İleri biyolojik arıtma formülüyle çalışan Çiğli Atık Su Arıtma Tesisi’nin, 2000’li yıllarda devreye alındığını aktaran Ayol, “Ancak bu tesisin 2010’dan sonra eskimesi, dördüncü devre dediğimiz fazının biraz daha fazla geç devreye alınabilmesi, o tesisteki arıtmanın çok kâfi olmaması, derelerden gelen deşarjların engellenememesi üzere nedenlerden ötürü körfez yaklaşık 15 yıldır bu sıkıntılarla baş etmeye çalışıyor.
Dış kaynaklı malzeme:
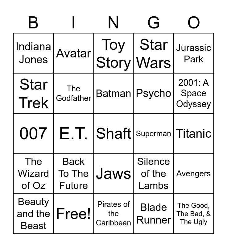 This bingo card has 30 words: Free!, Ghostbusters, E.T., Halloween, Indiana Jones, Toy Story, The Godfather, Jaws, Superman, Pirates of the Caribbean, Titanic, Shaft, Blade Runner, The Good, The Bad, & The Ugly, 2001: A Space Odyssey, Godzilla, Silence of the Lambs, The Wizard of Oz, Back To The Future, Jurassic Park, 007, Austin Powers, Avatar, Psycho, Star Trek, Star Wars, Avengers, Beauty and the Beast, Batman and Blazing Saddles.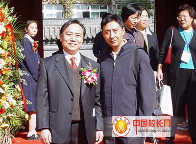 記者與劉志毅校長在學校門前合影

Doğal olarak her su ortamı kapasite olarak muhakkak bir kirliliği kaldırabilir ancak artık sirkülasyonun olmadığı, daha çok kapalı, iç tarafta olan bir körfezden bahsettiğimiz bu noktada en az 10 yıllık birikimin körfezi bu hale getirmesi olağan.” yorumunu paylaştı.

Belediyeler tarafından yapılan kimi bakım tamirat çalışmalarının kâfi seviyede olmadığını, emsal bütün iç suların daha kapsamlı izlenmesi gerektiğini belirten Ayol, acil olarak yapılması gerekenleri şöyle sıraladı:

“Nasıl ki müsilaj için Marmara Hareket Planı yapıldıysa, İzmir Körfezi için de acil bir hareket planın yapılması, atık su deşarjlarının önlenmesi, mevcut atık su arıtma tesislerinin verimliliğinin denetim edilmesi lazım. Sağlıklı bir halde taban taraması yapılarak körfezdeki kirleticilerin uzaklaştırılması, bir akış sağlanması gerekiyor. Aksi halde birkaç yıl içinde müsilaj gibisi meseleleri konuşuyor hale geliriz. Çiğli Atık Su Arıtma Tesisi ne kadarlık bir performansta çalışıyor, suları arıtıyor, orada üretilen çamurlar nasıl işleniyor? Buranın, İZSU (İzmir Su ve Kanalizasyon İdaresi Genel Müdürlüğü) tarafından yine ele alınması gerekiyor.”